Wilcock is also a psychic. In July 1998 he issued a prophecy that a nuclear strike would occur in New York on August 17th. One of his visions included scenes from the recent Godzilla movie. Another consisted of “two vicious bears and two large, fuzzy stuffed-animal type creatures, all male and all having violent sex with each other in a straight line front to back.”

Needless to say, the nuclear strike didn’t happen. But Wilcock was “even more surprised when I discovered that Clinton’s testimony regarding the incident occurring with Miss Lewinsky would occur on August 17….Although the event itself was not a nuclear strike or an act of war, it had an effect on the psychology of everyone. It is this type of effect in consciousness that the [psychic] readings were most likely picking up on…I realized that Clinton’s testimony was forcing all the darkest spots in the collective human psyche out into the open.”

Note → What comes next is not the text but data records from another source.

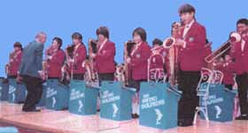 週休2日制移行を背景に、子供たちに有効な文化活動の場を提供するものとして、気仙沼市内のアマチュアジャズミュージシャンたちがそれまでの枠を超えて協力しあい結成した団体で、小学5年生から中学3年生までの子供たちによるかなり本格的なビッグバンドです。 仙台の定禅寺ジャズフェスティバルへの出演、ディズニーランドでの演奏、プロのジャズミュージシャンとの交流やジョイントコンサートなど、めざましい活動を続けています。 |
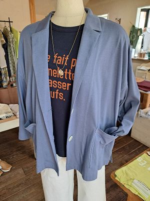 薄手のカットソー素材の、ボックスシルエットのテーラージャケットです。
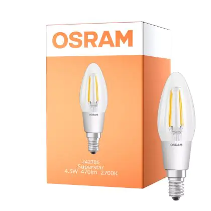 Osram Superstar Classic LED E14 Candle Filament Clear 4W 470lm - 822-827 Dim To Warm | Dimmable - Replaces 40W
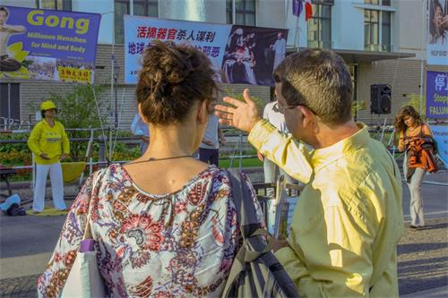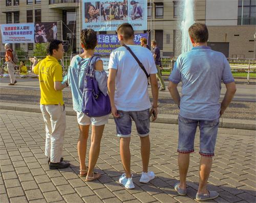 【明慧网二零一九年八月二十六日】二零一九年八月二十四日周六,柏林法轮功学员在市中心搭起真相点,向民众介绍功法,并讲述中共对法轮功的迫害事实。著名的柏林爱乐乐团正好这一天也在勃兰登堡门举行一场露天音乐会,直到晚上,这个柏林的心脏地区还聚集着很多游客。法轮功学员们的真相点持续到晚上十点钟。许多人深入了解了法轮功真相,并为反迫害签了名。也有不少人对功法很感兴趣,询问哪里可以学功。
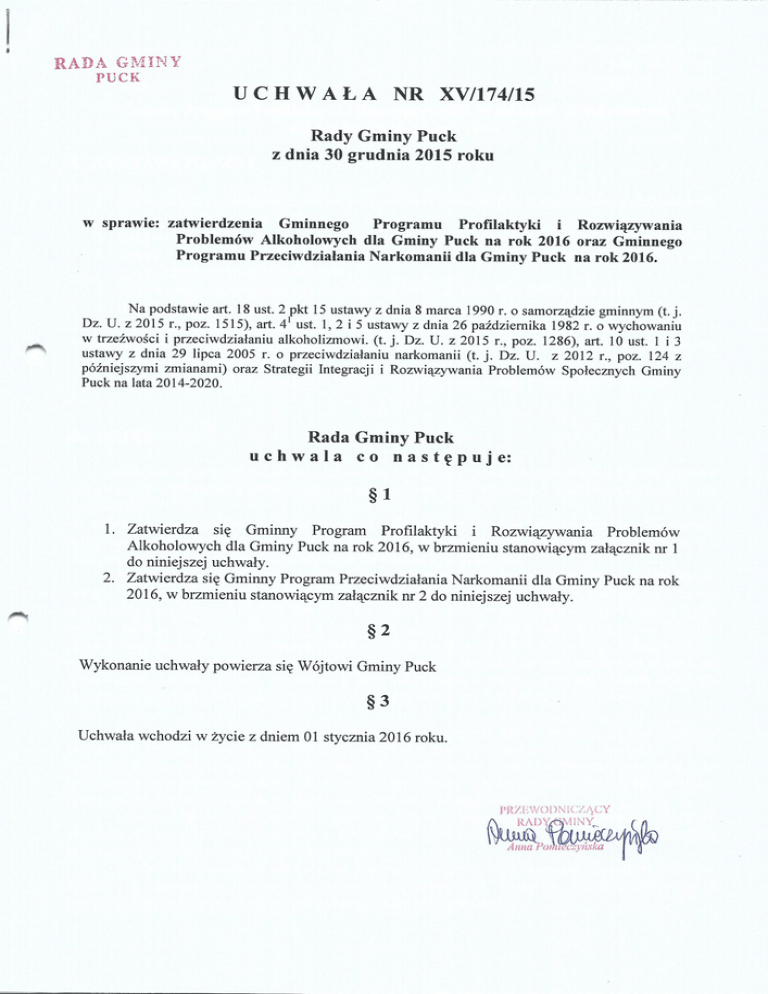 Uchwała Nr XV.174.15 – zat. GPPiRPA dla
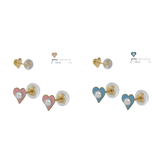 Girl 14K Yellow Gold Blue/Pink Heart Pearl Silicone Back Earrings
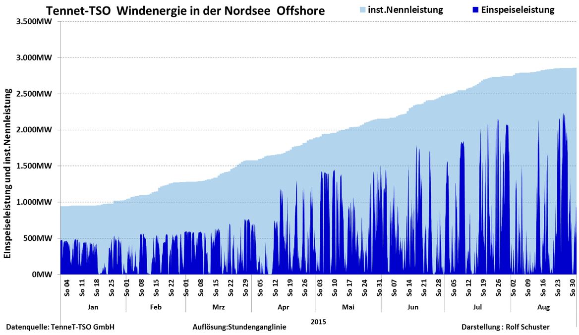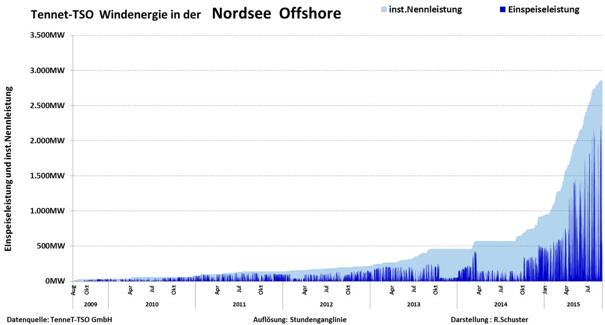 Här visas hur den tyska satsningen på Offshore vindkraft på Nordsjön växt under åren. I ljusblått visat den totala märkeffekten, som anslutits till nätet. Under 2015 har den tredubblats hittills.
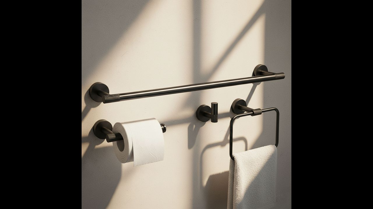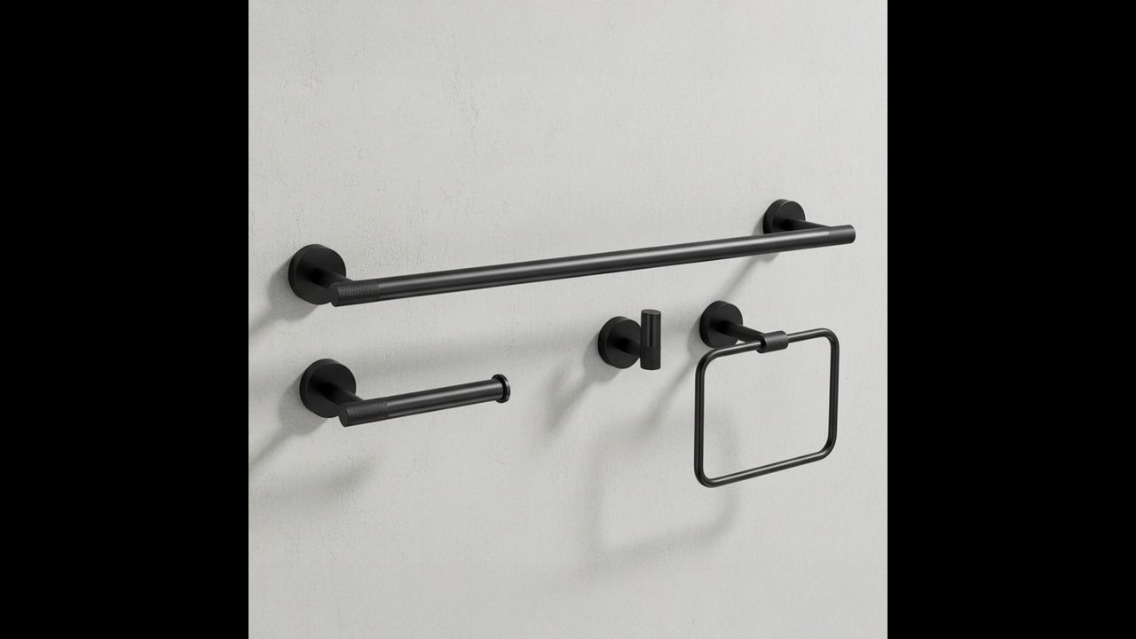 Das Badzubehör-Set Grid ist eine elegante und funktionale Lösung, die sich ideal für jedes moderne Badezimmer eignet. Zum Set gehören: ein Handtuchhalter für große Handtücher, ein Toilettenpapierhalter, ein Handtuchhaken und ein Handtuchring, die zusammen ein harmonisches und stilvolles Ensemble für den täglichen Gebrauch bilden.
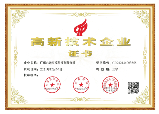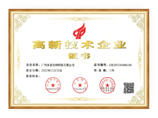 自成立以來,公司已公開申請專利66項,其中有57項已授權,廣東省名優高新技術產品2項。憑借強大的研發實力和創新能力,永諾生物成功入選大灣區生物科技創新企業50強、國家高新技術企業、廣州市科技創新小巨人企業、廣東省高新技術企業培育庫入庫企業、廣州市企業研發機構等榮譽。2023年永諾生物榮登首屆廣州百家新銳企業"銳100"名單;2024年公司榮獲"廣東省專精特新中小企業"稱號。
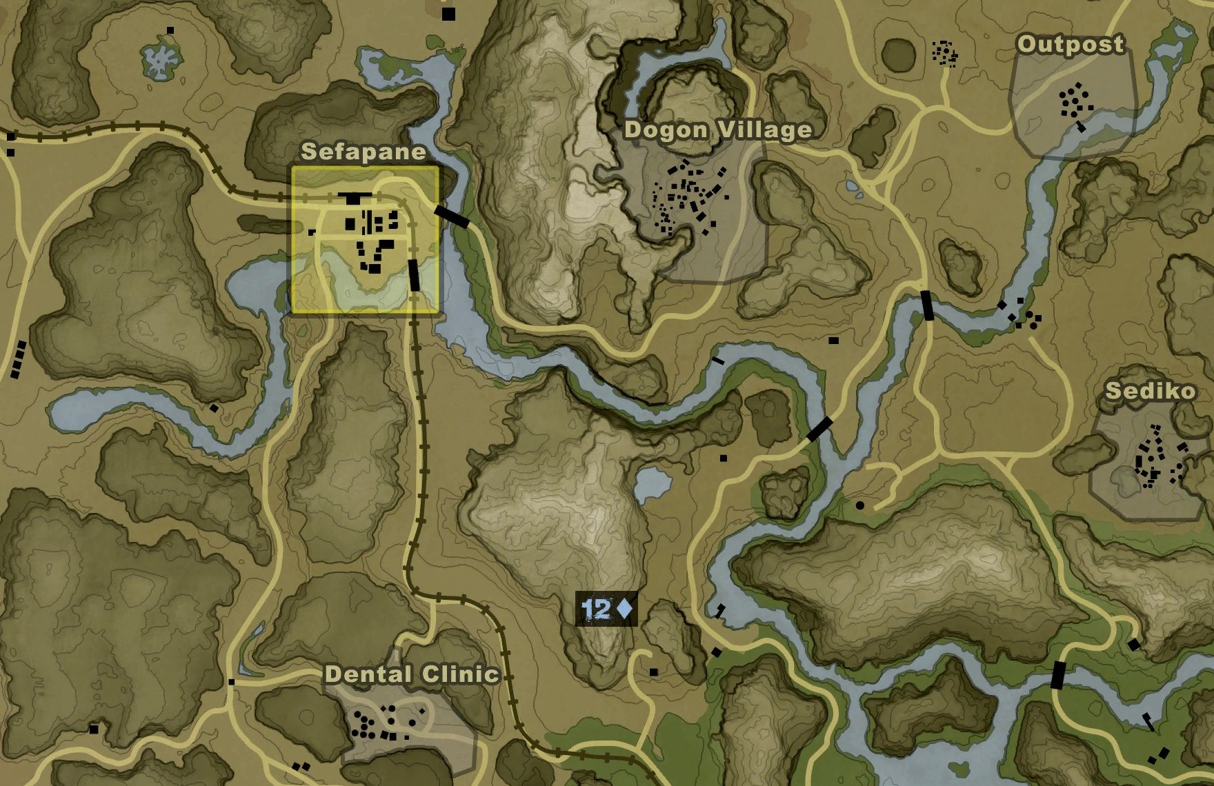 Лагерь патрульных | Patrol camp | Бова-Секо, юго-восток | Не известно (возможно, принадлежит государству, граничащему с БАС) | Акт 3 |

So, essentially, dreaming about a crappy Godzilla remake and X-rated Teddy Bears’ Picnics means that somewhere, a head of state may be enjoying a sexual encounter.

You have been warned.

Anyway, to get back to October 7th, Wilcock told Project Camelot in no uncertain terms that he believes Dr. Deagle is wrong. The ETs who watch over us would never allow such destruction, the elite wouldn’t want to destroy vast tracks of real estate, and if such things were about to happen Wilcock would have heard about it. He pointed out that psychic dreams can be symbolic, and may exaggerate future events. He was also unsettled by Deagle’s Granada Forum talk, saying it was akin to “death porn”. Deagle seemed to enjoy imparting terrible news. I noted this myself. Kerry Cassidy, however, disagreed.

Then Wilcock utterly discredited himself again by saying that his own intuitive information is highly reliable.

The consensus on various New Age/conspiracy forums appeared to be that Deagle is bats*** crazy, but there were still those out there who accepted at least some of his information as credible. A few people were plainly terrified by his predictions. Others felt, for some reason, that Wilcock is the more believable of the two and decided they will not be partaking in any Pestilence Preparedness.

Meanwhile, Benjamin Fulford issued his own dire predictions, adding a new anti-Semitic twist. He warned that if the American people don’t rise up and oust the financial oligarchs and the other members of the “secret inter-married clan of Satan worshippers” that controls the world (and suppresses cool anti-gravity devices), we’ll be heading into WWIII and a global “genocide” at the hands of Zionists and other evildoers. Not even the Freemasonic Ninjas can save us now. A financial “black hole” would become evident on October 5th.

Whatever your view of the U.S. bailout and our current economic crisis, I think we can all agree that October 5th and 7th were neither more nor less eventful in the scheme of things than any other days in the past several months. While there’s certainly nothing wrong with a bit of standard emergency preparedness, there isn’t a single solid reason to believe that the U.S. government will soon nuke its own cities just to bring in martial law and “cloned food”, nor that we will all be herded into vast underground bunkers by Satan-worshipping Zionists. I wouldn’t worry about Deagle’s Bioplasmatic Astral Entities or Modified Attack Baboons, either.

But watch out for those Teddy Bears.